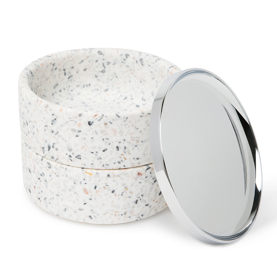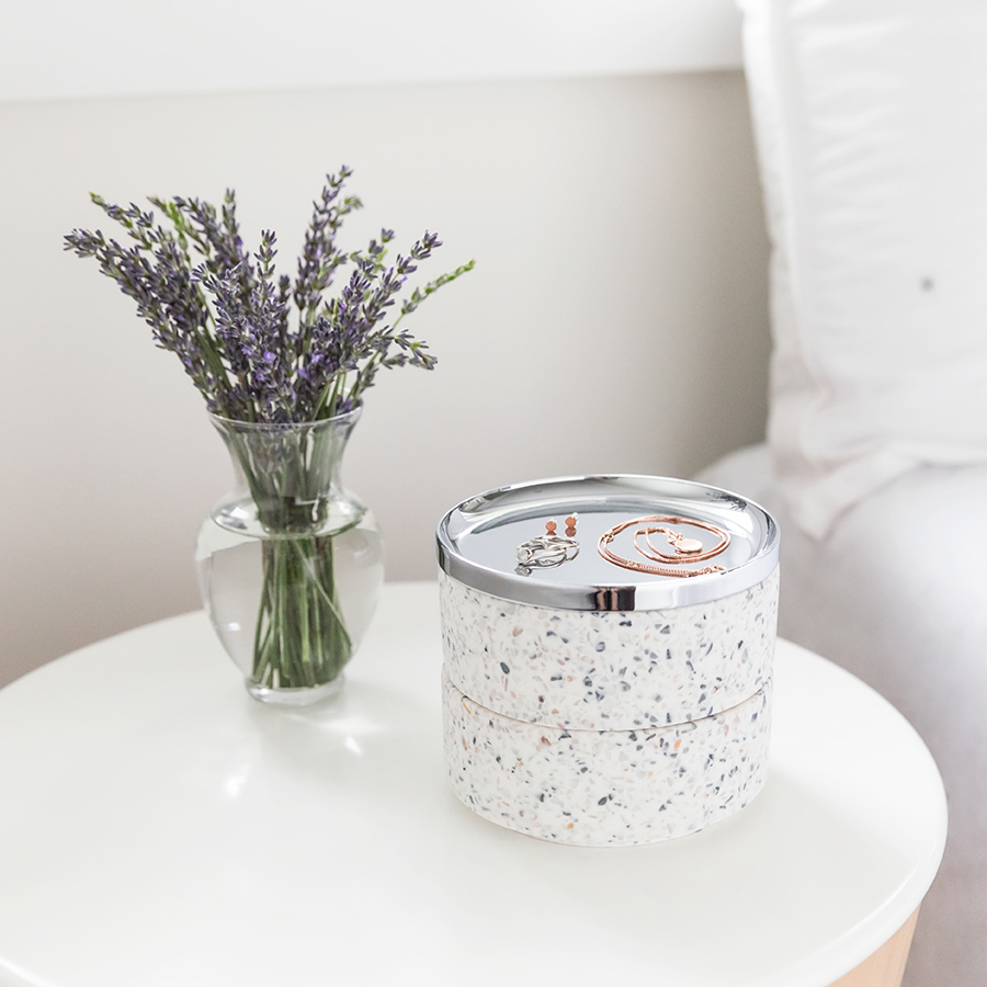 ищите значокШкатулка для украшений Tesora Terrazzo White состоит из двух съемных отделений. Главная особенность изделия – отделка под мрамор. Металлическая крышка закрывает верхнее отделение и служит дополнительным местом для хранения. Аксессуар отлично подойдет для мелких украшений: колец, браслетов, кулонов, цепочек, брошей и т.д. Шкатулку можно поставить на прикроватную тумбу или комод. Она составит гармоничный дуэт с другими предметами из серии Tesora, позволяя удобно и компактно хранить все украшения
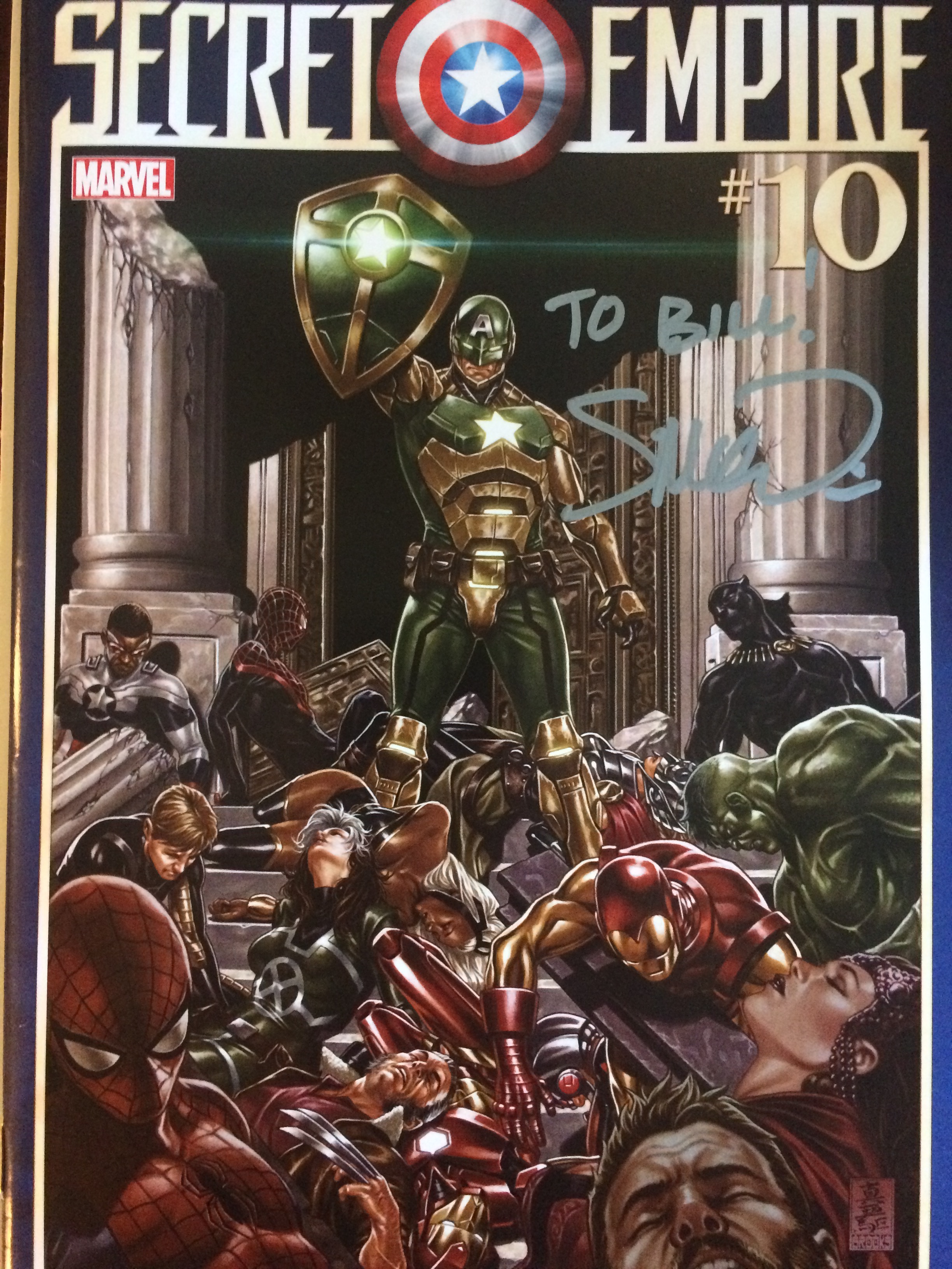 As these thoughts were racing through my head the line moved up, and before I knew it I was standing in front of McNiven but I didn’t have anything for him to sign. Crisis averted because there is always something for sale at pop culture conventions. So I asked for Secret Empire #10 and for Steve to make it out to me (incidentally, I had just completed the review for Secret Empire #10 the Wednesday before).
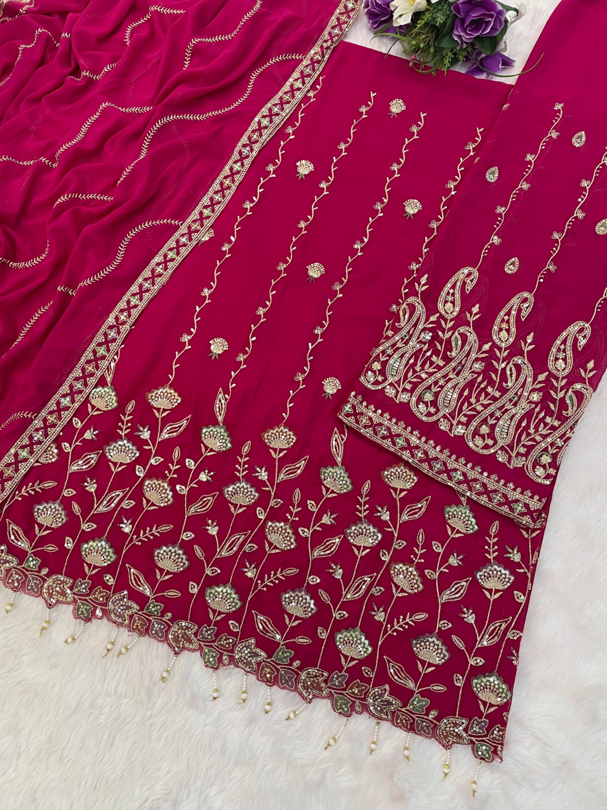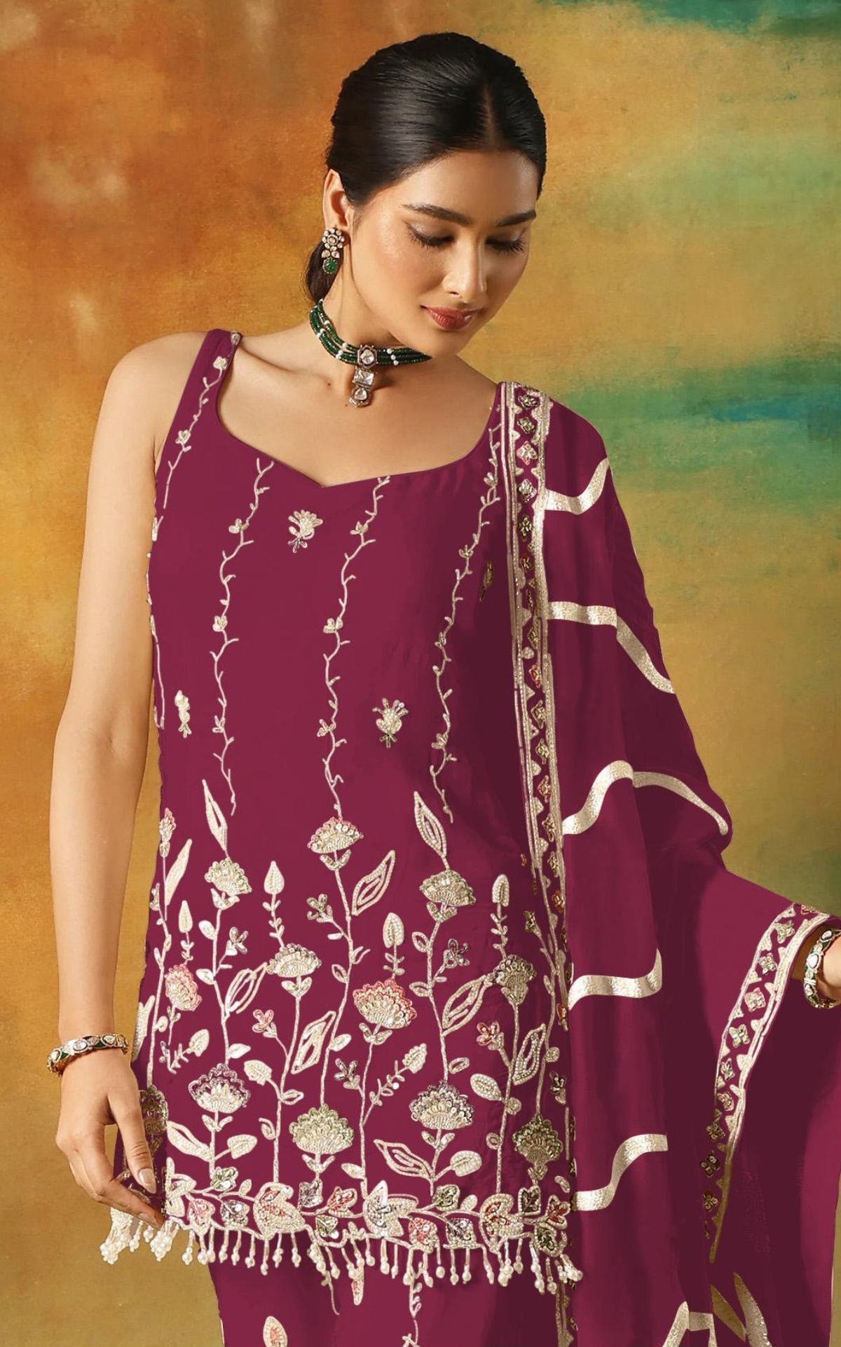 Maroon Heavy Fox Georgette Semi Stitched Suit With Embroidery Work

--

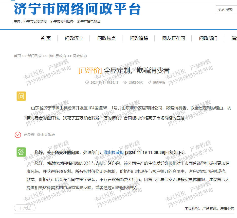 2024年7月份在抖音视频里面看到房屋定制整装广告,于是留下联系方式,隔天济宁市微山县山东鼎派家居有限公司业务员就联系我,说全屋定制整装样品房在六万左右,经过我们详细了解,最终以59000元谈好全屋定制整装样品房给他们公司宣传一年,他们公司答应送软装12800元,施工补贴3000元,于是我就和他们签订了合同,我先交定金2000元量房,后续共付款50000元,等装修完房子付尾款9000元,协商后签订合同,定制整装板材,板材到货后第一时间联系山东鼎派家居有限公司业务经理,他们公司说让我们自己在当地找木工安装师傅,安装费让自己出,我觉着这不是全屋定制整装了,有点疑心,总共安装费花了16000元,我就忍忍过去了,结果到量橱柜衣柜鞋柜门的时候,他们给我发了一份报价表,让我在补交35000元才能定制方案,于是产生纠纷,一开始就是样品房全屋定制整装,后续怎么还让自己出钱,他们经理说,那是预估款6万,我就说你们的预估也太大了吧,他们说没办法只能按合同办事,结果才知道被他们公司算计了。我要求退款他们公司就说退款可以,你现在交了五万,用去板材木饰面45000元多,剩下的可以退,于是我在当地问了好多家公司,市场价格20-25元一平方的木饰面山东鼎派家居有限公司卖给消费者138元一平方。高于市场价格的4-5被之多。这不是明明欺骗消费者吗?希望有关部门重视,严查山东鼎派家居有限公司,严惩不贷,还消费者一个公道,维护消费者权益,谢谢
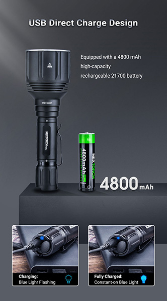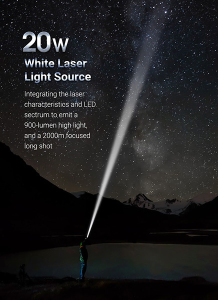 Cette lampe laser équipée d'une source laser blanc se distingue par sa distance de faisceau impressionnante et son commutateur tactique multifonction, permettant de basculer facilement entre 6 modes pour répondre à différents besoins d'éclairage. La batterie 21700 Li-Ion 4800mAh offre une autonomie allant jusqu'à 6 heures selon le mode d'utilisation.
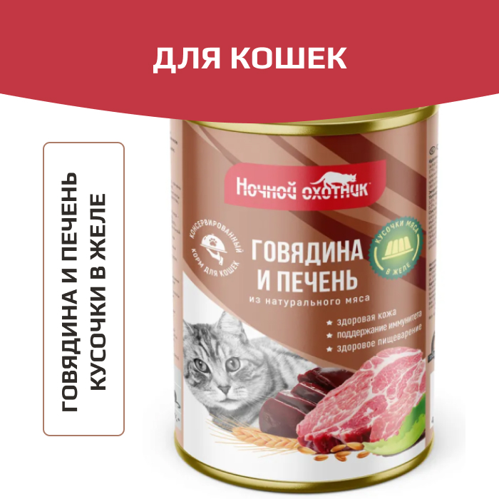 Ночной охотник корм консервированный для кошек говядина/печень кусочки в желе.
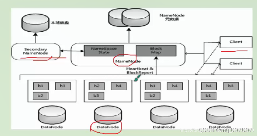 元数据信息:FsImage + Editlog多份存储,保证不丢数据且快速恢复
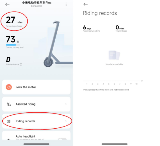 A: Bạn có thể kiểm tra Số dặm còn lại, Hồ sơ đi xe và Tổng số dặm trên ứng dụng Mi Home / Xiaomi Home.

--

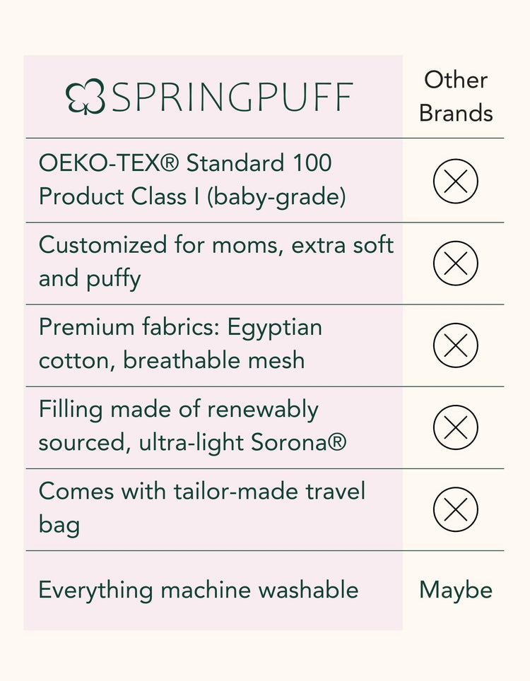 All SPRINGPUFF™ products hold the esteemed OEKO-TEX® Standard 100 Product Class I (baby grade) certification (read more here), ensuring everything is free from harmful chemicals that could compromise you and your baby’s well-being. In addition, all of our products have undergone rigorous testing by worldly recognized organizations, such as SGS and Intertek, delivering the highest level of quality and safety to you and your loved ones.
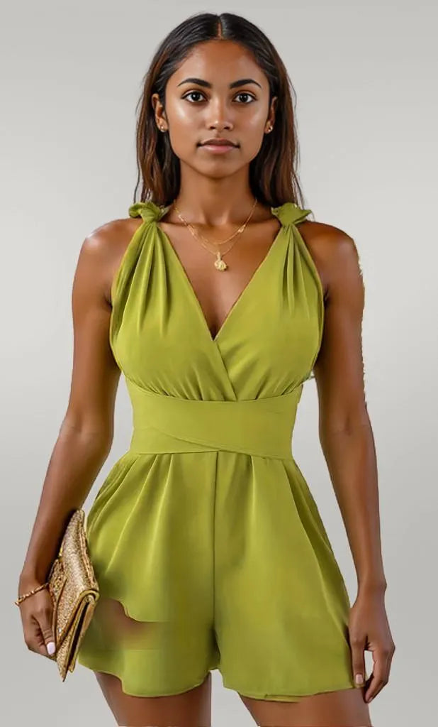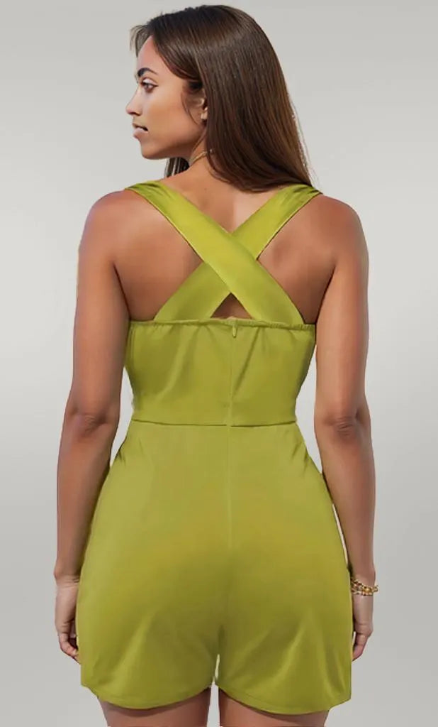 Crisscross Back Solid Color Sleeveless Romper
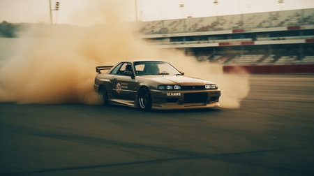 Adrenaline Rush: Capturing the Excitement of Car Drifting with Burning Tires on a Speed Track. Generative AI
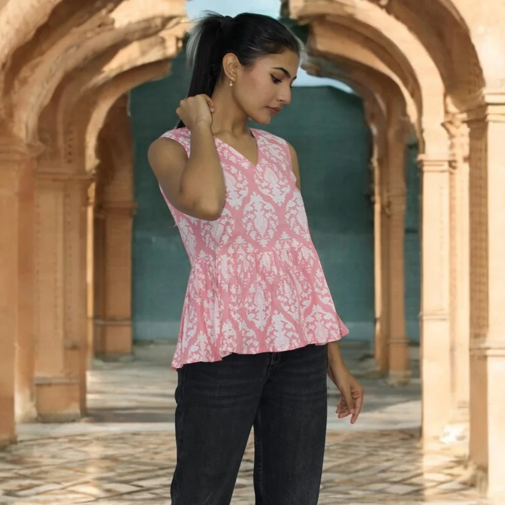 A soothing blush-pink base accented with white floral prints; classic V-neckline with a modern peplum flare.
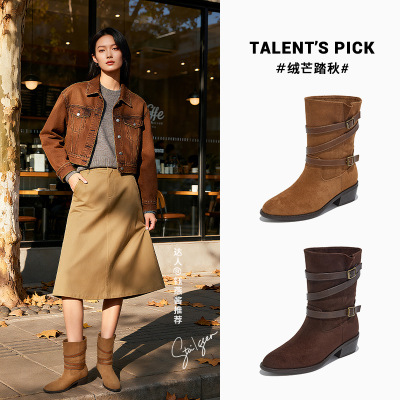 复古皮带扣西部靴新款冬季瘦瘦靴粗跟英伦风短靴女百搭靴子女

**AIM OF THE TASK**
Leaving every picture aside, reproduce exactly the lines above from the one with "ищите значокШкатулка для" up to and including the one with "Maroon Heavy Fox", and no others.

**PROBLEM SOLUTION**
 ищите значокШкатулка для украшений Tesora Terrazzo White состоит из двух съемных отделений. Главная особенность изделия – отделка под мрамор. Металлическая крышка закрывает верхнее отделение и служит дополнительным местом для хранения. Аксессуар отлично подойдет для мелких украшений: колец, браслетов, кулонов, цепочек, брошей и т.д. Шкатулку можно поставить на прикроватную тумбу или комод. Она составит гармоничный дуэт с другими предметами из серии Tesora, позволяя удобно и компактно хранить все украшения
 As these thoughts were racing through my head the line moved up, and before I knew it I was standing in front of McNiven but I didn’t have anything for him to sign. Crisis averted because there is always something for sale at pop culture conventions. So I asked for Secret Empire #10 and for Steve to make it out to me (incidentally, I had just completed the review for Secret Empire #10 the Wednesday before).
 Maroon Heavy Fox Georgette Semi Stitched Suit With Embroidery Work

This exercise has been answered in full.